2 good quality 10's would be sufficient IMO

hating is going to happen if you create a thread like this in TCL, an audio forum would have a made a little more sense, plus you'd probably get better information. /$.02


----------



## saranynsandiego (Jan 3, 2007)

lol, i thought dubstep was just some other ghey VW gtg. not just some ghey music.


----------



## InfraRedline (Jan 8, 2007)

Dubstep? Don't know, but if you're looking for low, clean, bass, nothing beats a big sub in a big sealed box. Just get one sub, preferably something like a JL 13" ... whatever you can fit and put it in the biggest recommended sealed box size fed the maximum wattage from a high-quality amp. You can use ported, but you should use a smaller sub, and also as big of a box as you can fit. Also, design the box properly - don't just pick up the cheapest 5/8" mdf generic ported box off crutchfield and expect decent low tones.


----------



## Subwoofers (Dec 28, 2008)

Someone say Subwoofers?


----------



## ByronLLN (Jul 29, 2004)

AKADriver said:


> I don't like it, but it seems like every culture in every place and time has its own definition of dissonance and what's acceptable. "The Rite of Spring" was considered so violently dissonant when it premiered that it caused a riot. Not that this stuff is comparable to Stravinsky by any measure, but if age has anything to do with it, it'd just be our own reduced ability to "re-learn" the way we hear and appreciate music. I'm sure the people who like it will still like it when they're old and crusty.
> 
> Nothing I'm hearing here through a pair of lousy freebie headphones suggests special demands of a stereo system, though, above any other kind of electronic music. OP would get further simply asking for recommendations for that. I've noticed a tendency of fans of particular sub-genres of electronic music to insist on needless specificity.
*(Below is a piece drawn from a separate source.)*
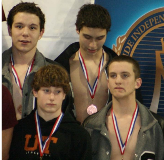
Men's Medley Relay Team District Bronze Medal Winners

Top finalists from Districts were back in the water the next week preparing for the UIL Region VII-5A meet February 4-5 at the Josh Davis Natatorium. But, surprise, San Antonio had a rare snow day on Friday, February 4th! With weather unpredictable on Saturday, the Region VII-5A meet was delayed until Monday and Tuesday, February 7-8. Prelims began at 9:30 a.m. on Monday the 7th and Finals began at 9:30 a.m. on Tuesday the 8th.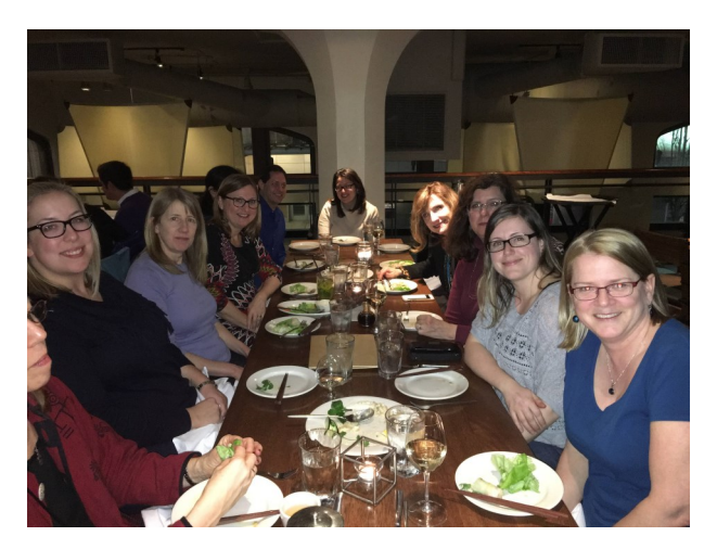
More mentee dinner

I had never met you in person, I have no idea what I would be thinking right now. :laugh:


----------



## Art Vandelay (Dec 20, 2005)

AKADriver said:


> I don't like it, but it seems like every culture in every place and time has its own definition of dissonance and what's acceptable. "The Rite of Spring" was considered so violently dissonant when it premiered that it caused a riot. Not that this stuff is comparable to Stravinsky by any measure, but if age has anything to do with it, it'd just be our own reduced ability to "re-learn" the way we hear and appreciate music. I'm sure the people who like it will still like it when they're old and crusty.
> 
> Nothing I'm hearing here through a pair of lousy freebie headphones suggests special demands of a stereo system, though, above any other kind of electronic music. OP would get further simply asking for recommendations for that. I've noticed a tendency of fans of particular sub-genres of electronic music to insist on needless specificity.


Now who sounds old?

I was joking. I think 90% of music (that I'm exposed to) is terrible and it has little to do with my age.


----------



## Der Schaltwerks (Apr 16, 2010)

So Dubstep is really just Jungle at half tempo with more emphasis on annoying resonant synth sequences?
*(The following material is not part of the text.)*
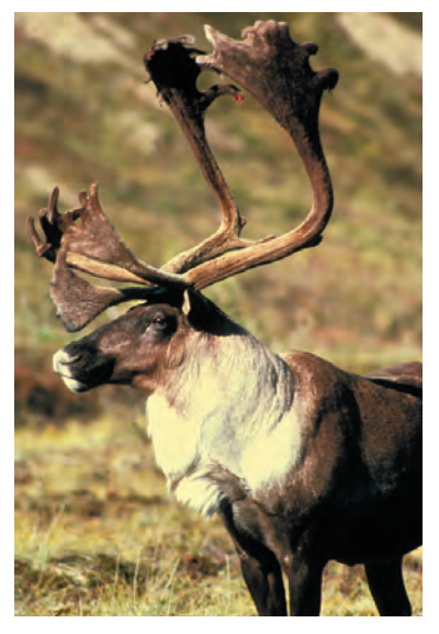
Public involvement in the NEPA process identified impacts to the caribou, a subsistence resource, as a significant environmental concern.

BLM also stated in the notice that its decision to discontinue its planning activities and EIS was also based on the limited resources and impracticality of energy development. BLM's resource assessments indicate that oil reserves are limited in

I'm all for new electronic music genres, but this one is the suck based on this thread so far.

Regarding the subwoofer set up: anything less than dual 15s and 3000 watts is weak sauce. Go big or go home!

Actually a single 10 inch with a good amp should be more than adequate, but I think you want insane bass, so go with my first suggestion.


----------



## ElixXxeR (Jan 18, 2005)

AKADriver said:


> I don't like it, but it seems like every culture in every place and time has its own definition of dissonance and what's acceptable. "The Rite of Spring" was considered so violently dissonant when it premiered that it caused a riot. Not that this stuff is comparable to Stravinsky by any measure, but if age has anything to do with it, it'd just be our own reduced ability to "re-learn" the way we hear and appreciate music. I'm sure the people who like it will still like it when they're old and crusty.
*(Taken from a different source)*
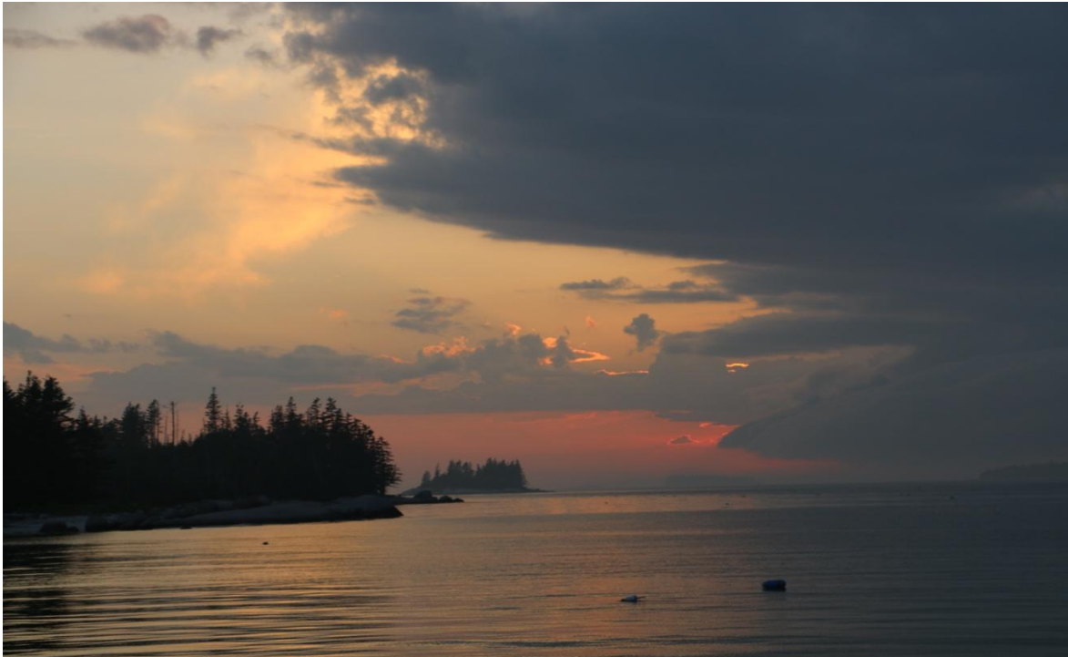
Merchant Island, Merchant Row

God I hate "The Rite of Spring," but you are spot on.


----------



## Sump (Jul 14, 2006)

Der Schaltwerks said:


> Actually a single 10 inch with a good amp should be more than adequate, but I think you want insane bass, so go with my first suggestion.


That's what I run. JL 10" and a 250rms amp. Plenty of power, can't hear it outside the car, sounds awesome inside.


----------



## VdubChaos (Jul 30, 2004)

Dubstep? wth is that?


----------



## bluerabbit0886 (Nov 19, 2003)

VdubChaos said:


> Dubstep? wth is that?


Jesus did you even try to read the thread or just decided to ask a question that was answered within the first few posts?


----------



## Time for an aSS (Apr 25, 2006)

saranynsandiego said:


> lol, i thought dubstep was just some other ghey VW gtg. not just some ghey music.


Wow. You're a ****ing genious. This statement basically boils down to "I don't know what it is but it sucks". That's like me saying "What the hell is a 2005 Mustang?...is that some kind of boat?...man those things suck."

People never cease to amaze me.


----------



## VdubChaos (Jul 30, 2004)

bluerabbit0886 said:


> Jesus did you even try to read the thread or just decided to ask a question that was answered within the first few posts?


I did, but I didn't see any GOOD example of any music videos etc....just some joke ones (which are funny).


----------



## ohsnappe2 (May 20, 2008)

transformers techno


----------



## eGolfTDI (Feb 27, 2009)

I think having a well-balanced setup is best. Don't build for dubstep and then listen to some punk music with friends and have it sound like ****. Adjust the the eq to taste for whatever you're listening to. 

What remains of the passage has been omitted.